Baylian, I'm not offended by the post, because I know it expresses what many people feel, but I'd like to express my opinion too.
When a cashier at a coffee shop says "Merry Christmas" when she gives me my receipt, I sometimes get this sinking feeling in the pit of my stomach. While I don't personally subscribe to any organized religion, I am acutely aware that my heritage is so wrapped up with an organized religion, that it is impossible to separate "my" history from religion. I know that if the Jews in America were ever rounded up and taken away to a camp, I would be taken right along with the most orthodox person in my neighborhood. Saying "Merry Christmas" to someone is not the same as saying "Happy Thanksgiving". In a way, when someone looks me in the eye and says "Merry Christmas", they might as well be saying "I do not recognize your history or your heritage or that America is a country where people of all kinds can live together in mutual respect".

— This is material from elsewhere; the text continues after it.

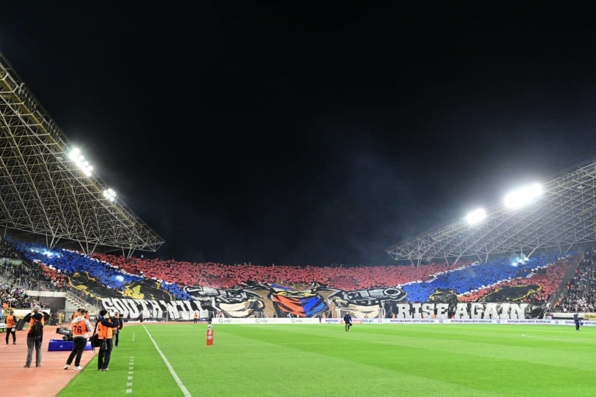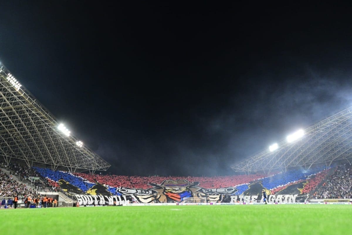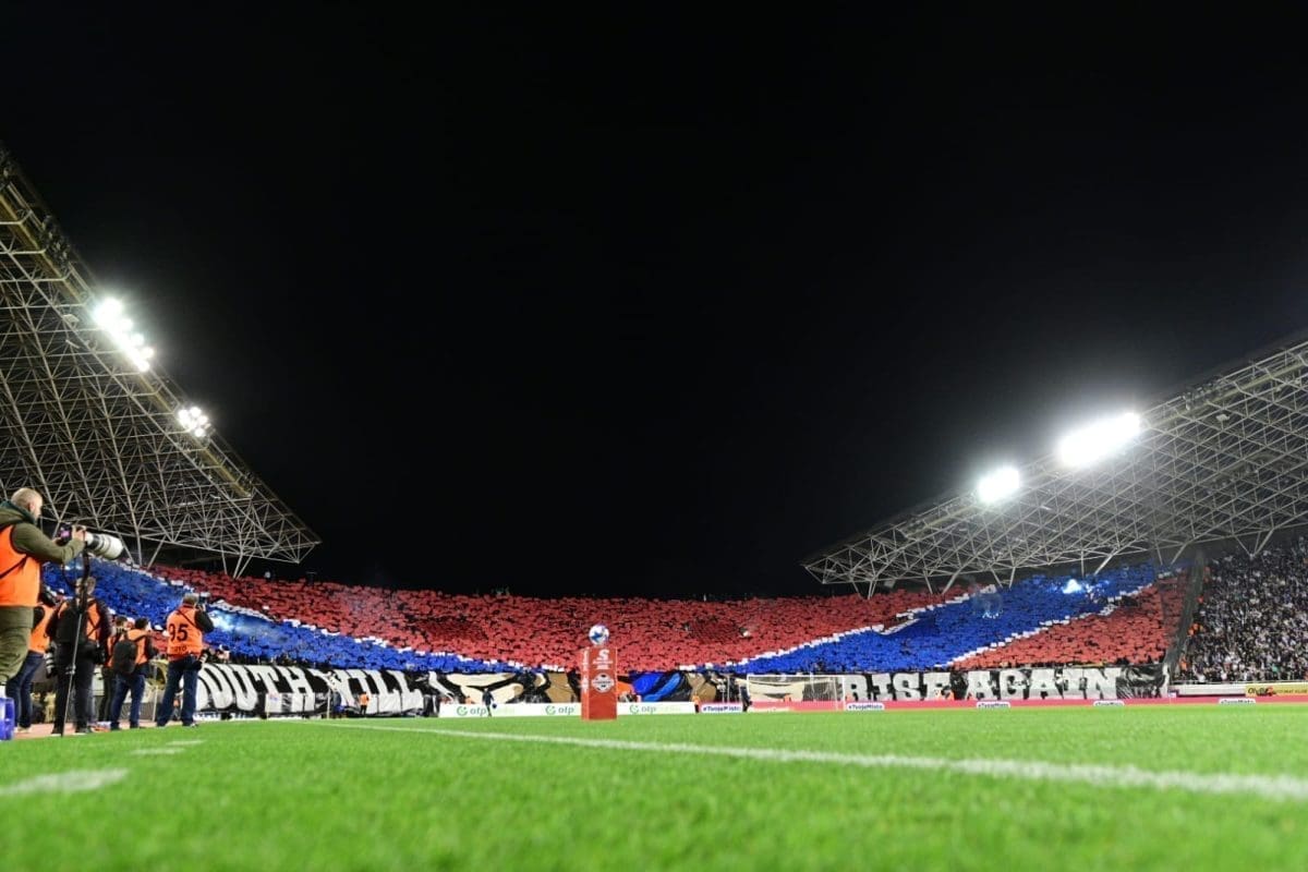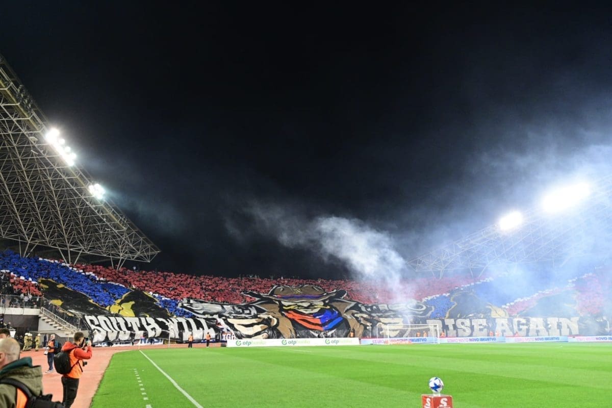 Torcida je još jednom priredila fanstastičnu koreografiju koje bi se drugi mogli samo posramiti. Na sjeveru se pokazala južnjačka zastava, a ispod nje natpis: "SOUTH WILL RISE AGAIN", a potom je podignut kauboj s dva pištolja i četiri čovjeka u crnom.
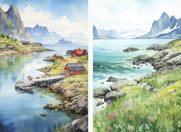 Poster Noruega naturaleza, islas Lofoten, paisaje de verano, casas rojas, montañas, barcos Nr d00421

I don't think I'm an extremist on this issue at all. I enjoy the Christmas windows at Lord & Taylor, and the beautiful tree at Rockefeller Center, and I take no issue with such things. I just want people who are addressing me directly, whether face to face, or in a card sent to my home or office, to be thoughtful enough to recognize that I am not a Christian.
So, I respectfully disagree with Go Fish. And, while I appreciate Tami's post, I want to remind her that some people in this country believe that Saturday is the day family members should spend together, away from work, and that some people don't believe in missionaries and prostelitizing.
And finally, I want to say that to me, the thing that makes this country so great is its freedoms and respect for all kinds. Sometimes we Americans may have a tendency to take this for granted because we've lived with it all our lives, but all you have to do is read a few newspaper headlines to know that this society of ours is a rare and precious thing, to be protected and preserved by each of us.